# The problem
Copy out the data exactly as it appears, without a single image.

· · · · ·

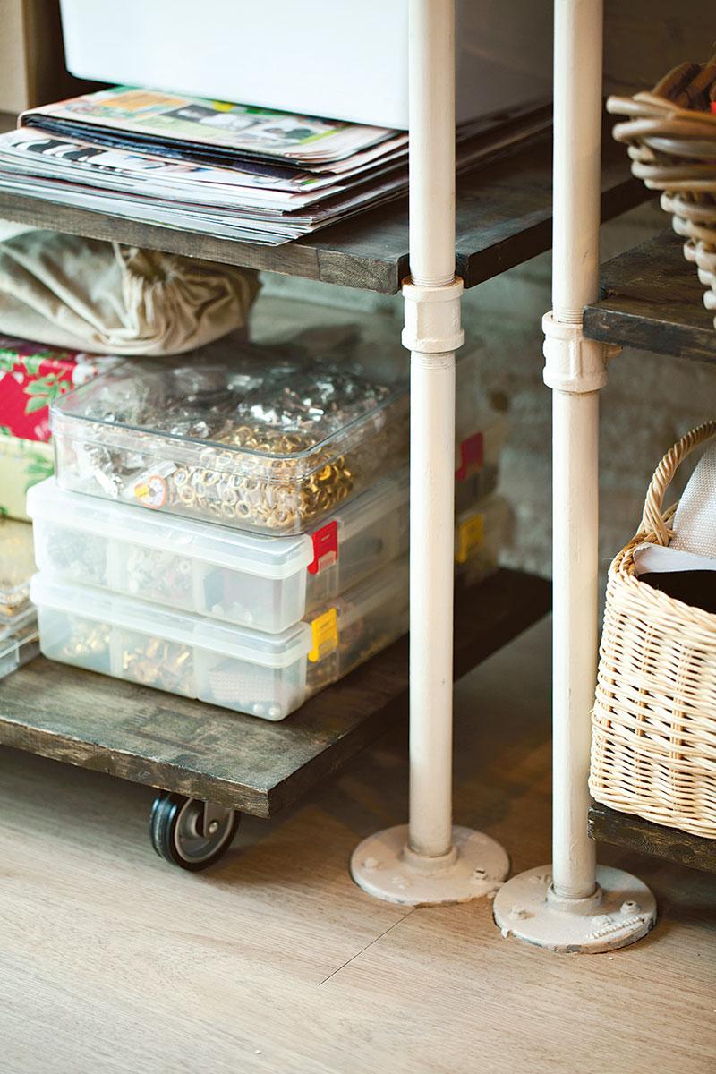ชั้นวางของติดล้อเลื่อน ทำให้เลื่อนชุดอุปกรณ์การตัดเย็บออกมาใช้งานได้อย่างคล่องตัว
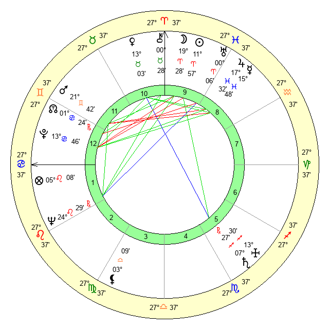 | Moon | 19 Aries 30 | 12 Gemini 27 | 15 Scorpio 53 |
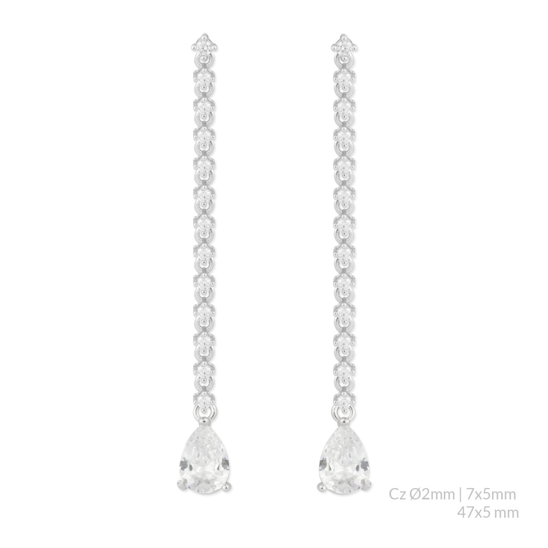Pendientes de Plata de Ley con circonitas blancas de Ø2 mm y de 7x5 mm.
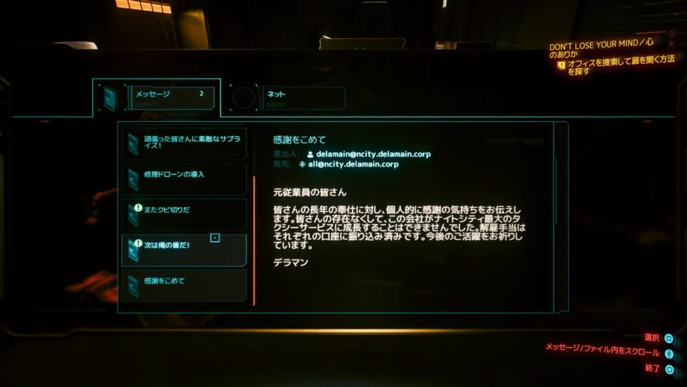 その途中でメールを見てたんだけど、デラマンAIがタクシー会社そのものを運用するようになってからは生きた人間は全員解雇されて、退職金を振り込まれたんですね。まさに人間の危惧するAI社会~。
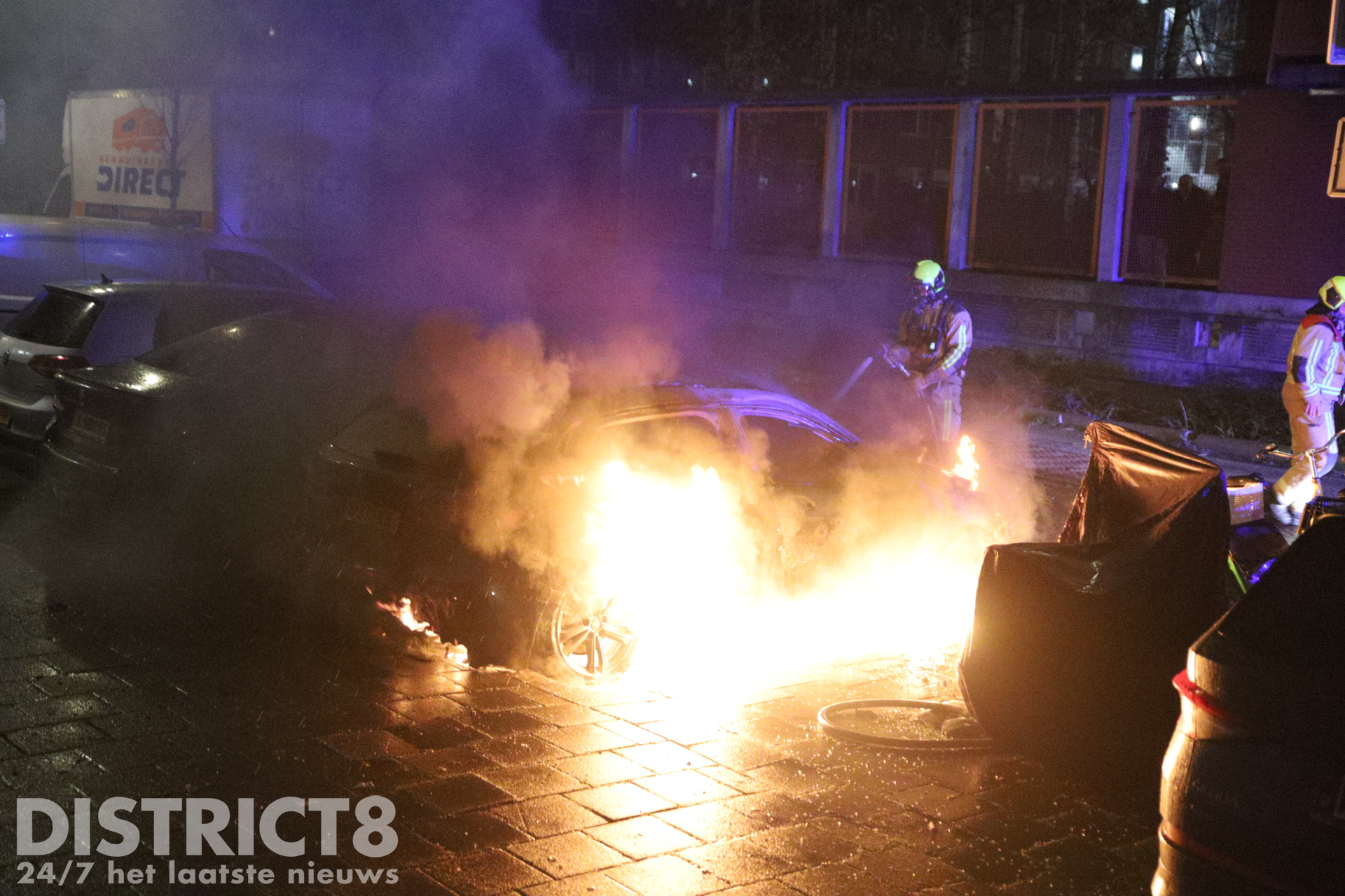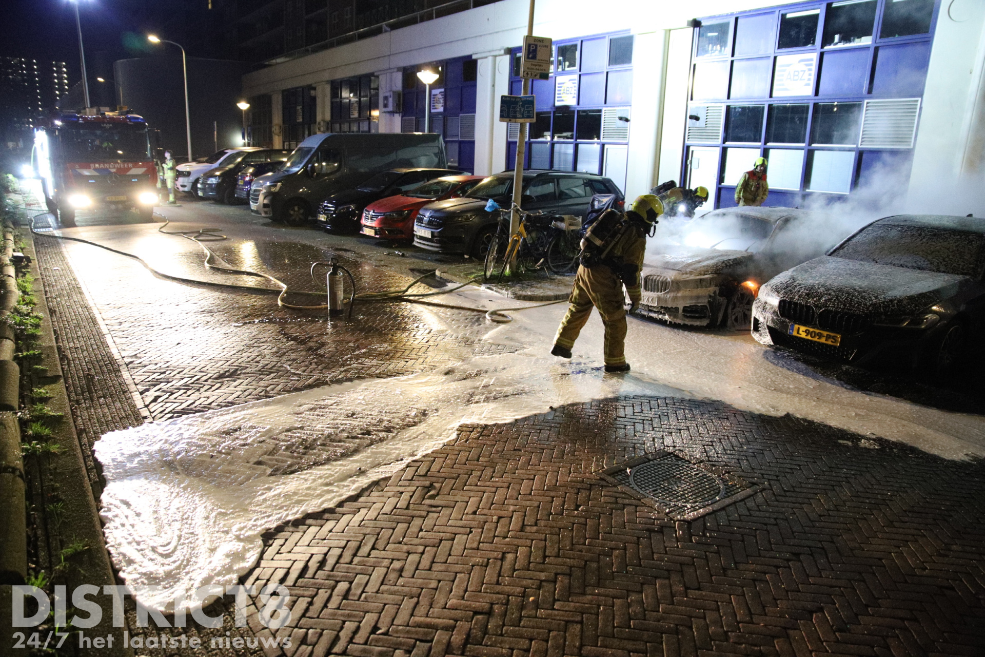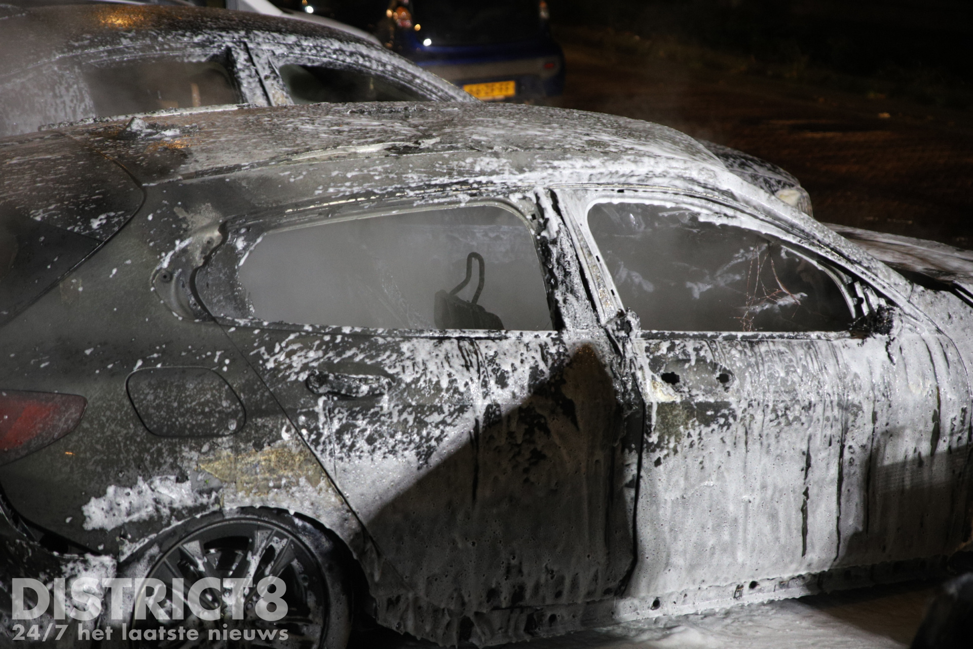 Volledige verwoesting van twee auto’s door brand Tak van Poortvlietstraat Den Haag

· · · · ·

# Response for this exercise
ชั้นวางของติดล้อเลื่อน ทำให้เลื่อนชุดอุปกรณ์การตัดเย็บออกมาใช้งานได้อย่างคล่องตัว
 | Moon | 19 Aries 30 | 12 Gemini 27 | 15 Scorpio 53 |
Pendientes de Plata de Ley con circonitas blancas de Ø2 mm y de 7x5 mm.
 その途中でメールを見てたんだけど、デラマンAIがタクシー会社そのものを運用するようになってからは生きた人間は全員解雇されて、退職金を振り込まれたんですね。まさに人間の危惧するAI社会~。
 Volledige verwoesting van twee auto’s door brand Tak van Poortvlietstraat Den Haag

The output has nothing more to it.